Mobile Payments – The mobile technologies discussed here are not a recent or groundbreaking development and have been in existence for many years. However, not everyone has been aware of them or may have had a different experience than myself. Mobile payments have been available for a while using various methods such as NFC, USSD, mobile apps, and SMS. However, banks and retailers have been hesitant to embrace them fully due to concerns about low adoption rates. Ironically, their unwillingness to participate is what has caused the slow uptake of mobile payments

The content of this blog post is based on actual occurrences and a comprehensive evaluation of financial services and payments through mobile devices.

Mobile Payments – Outlook

Undoubtedly, mobile payments are gaining immense popularity without any doubt or hesitation. NFC technology enables the transfer of data between two devices with NFC chips when they are brought close to each other within a few centimeters.

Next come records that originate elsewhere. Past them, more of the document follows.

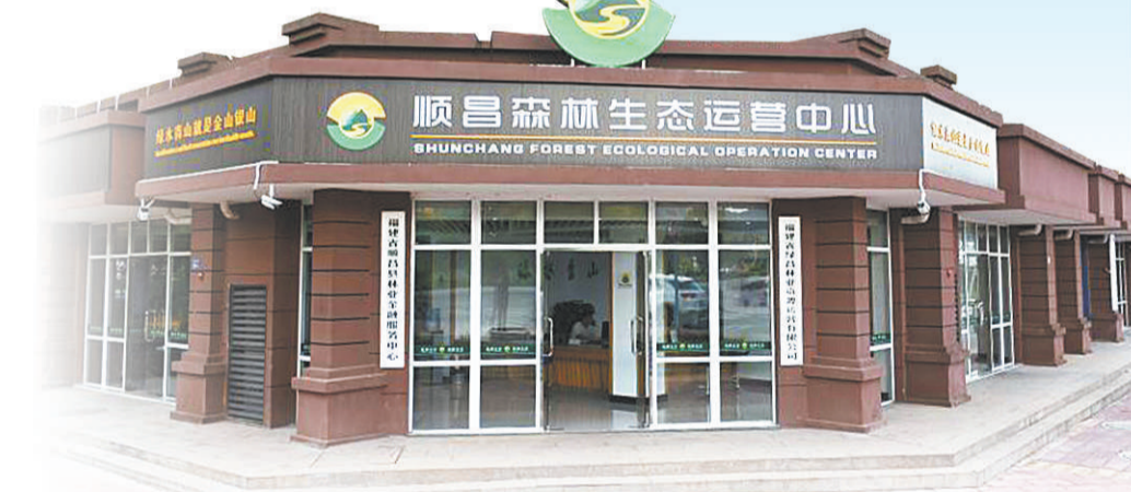
顺昌森林生态运营中心。

盘活生态资源最重要的一步，就是把精心准备好的优质“资源包”推向市场。吸引社会资本与专业化运营团队加入，壮大成产业，从而形成规模化、专业化、产业化运营机制，推动人才与资本要素进入乡村振兴和生态资源保护开发领域，
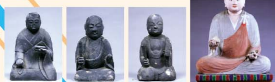
■ 椿神社神像 千僧供町所有(栗東歴史民俗博物館へ寄託)
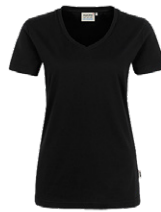
405 hp schwarz
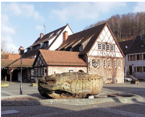
(VG Otterbach-Otterberg , 2019)
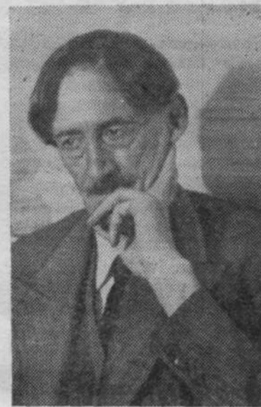
АНРИ БАРБЮС — французский писатель (1873—1935).

Поистине огромна работа Барбюса в защиту мира, в сплочении сил народного фронта против фашизма и войны, списавшая ему горячую любовь миллионов людей во всех частях света. С его именем связана организация всемирных антифашистских конгрессов, слетов, обществ, митингов за освобождение политических заключенных из гитлеровских застенков. Гневные слова Барбюса по
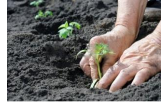
Figura 4 La puesta de sol

El Cuadro 1 muestra posibles historias de los alumnos frente a las imágenes:
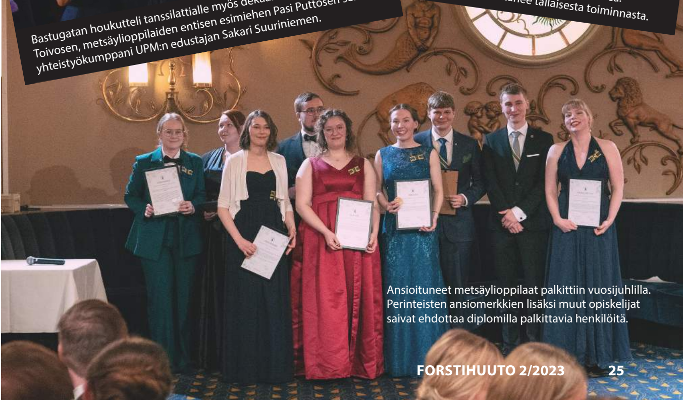
Ansiotuneet metsäylioppilaat palkittiin vuosijuhlilla. Perinteisten ansiomerkkien lisäksi muut opiskelijat saivat ehdottaa diplomilla palkittavia henkilöitä.

Payments copy 4Thanks to advancements in technology, we have made significant progress. The vanguards of the surging mobile payment movement, including MasterCard, ApplePay, AndroidPay, Europay, and Visa, are striving to establish a universal standard for this latest commerce practice.

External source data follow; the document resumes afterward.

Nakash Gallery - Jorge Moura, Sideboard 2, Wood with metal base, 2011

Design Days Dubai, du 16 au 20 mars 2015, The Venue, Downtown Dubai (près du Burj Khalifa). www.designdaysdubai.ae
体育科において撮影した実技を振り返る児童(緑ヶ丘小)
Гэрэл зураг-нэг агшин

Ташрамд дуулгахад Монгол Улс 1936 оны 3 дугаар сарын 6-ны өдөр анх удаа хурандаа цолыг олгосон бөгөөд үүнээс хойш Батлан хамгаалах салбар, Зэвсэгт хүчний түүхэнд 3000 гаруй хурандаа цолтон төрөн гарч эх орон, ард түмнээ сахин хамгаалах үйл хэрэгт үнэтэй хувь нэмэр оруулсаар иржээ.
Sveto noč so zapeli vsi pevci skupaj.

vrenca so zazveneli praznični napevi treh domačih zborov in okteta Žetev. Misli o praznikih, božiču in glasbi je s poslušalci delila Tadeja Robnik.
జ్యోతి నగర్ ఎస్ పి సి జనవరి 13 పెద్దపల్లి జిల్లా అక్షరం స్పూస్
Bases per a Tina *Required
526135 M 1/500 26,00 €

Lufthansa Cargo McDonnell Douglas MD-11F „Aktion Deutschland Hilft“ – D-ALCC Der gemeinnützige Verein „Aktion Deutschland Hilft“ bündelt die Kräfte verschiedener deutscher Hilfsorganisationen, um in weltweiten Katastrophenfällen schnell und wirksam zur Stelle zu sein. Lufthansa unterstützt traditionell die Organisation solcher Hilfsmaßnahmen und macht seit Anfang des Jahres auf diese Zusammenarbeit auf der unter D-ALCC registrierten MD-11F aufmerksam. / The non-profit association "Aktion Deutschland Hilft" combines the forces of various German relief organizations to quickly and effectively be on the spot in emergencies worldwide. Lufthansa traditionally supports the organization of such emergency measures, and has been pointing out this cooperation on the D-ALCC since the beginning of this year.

The goal is to enhance the accessibility of mobile payment transactions on a worldwide scale. There are key factors that facilitate faster payment for services or goods and create a sense of convenience. MasterCard asserts that their technology will establish a world where the act of withdrawing money from an ATM or queuing up to buy train tickets becomes obsolete, all in the name of convenience and safety.

If we had a Ministry of Innovation for regulation and control on a global level, they would have made today’s work and innovation impossible or may have stopped it long ago. Apple Pay (as per news, 10 million handsets were sold in the first 3 days of launch) from a technology perspective was neither a new offering nor a game changer and is now followed by almost every big player in the industry. Instead, we’ll just tap a button.

Without a doubt, that launch was to set a trend for NBFTC (non-banking financial and technology companies) on how to enter into payments and did its job well, so-called banking domain, and eat the share.

Mobile Payments and Technology Advancements

Mobile technology is rapidly improving and having a significant impact on our daily lives, including how we interact with others and handle our financial affairs. It’s time to reconsider the concept of mobile payments by dispelling some of the common misconceptions surrounding them. Business growth and customer satisfaction can both be achieved by providing a secure alternative mode of bill payment.

During my Sunday evening meal at KFC, I found myself standing at the counter where I placed my order and was subsequently handed a 9-dollar bill to pay before receiving my food. It seems to be a common practice worldwide. As I rummaged through my pockets for money, I suddenly realized that my wallet was missing. Just as I was about to leave, a pleasant voice interrupted my thoughts and offered me several payment options, including debit or credit card, mobile wallet with NFC, mobile app or USSD, and mobile banking.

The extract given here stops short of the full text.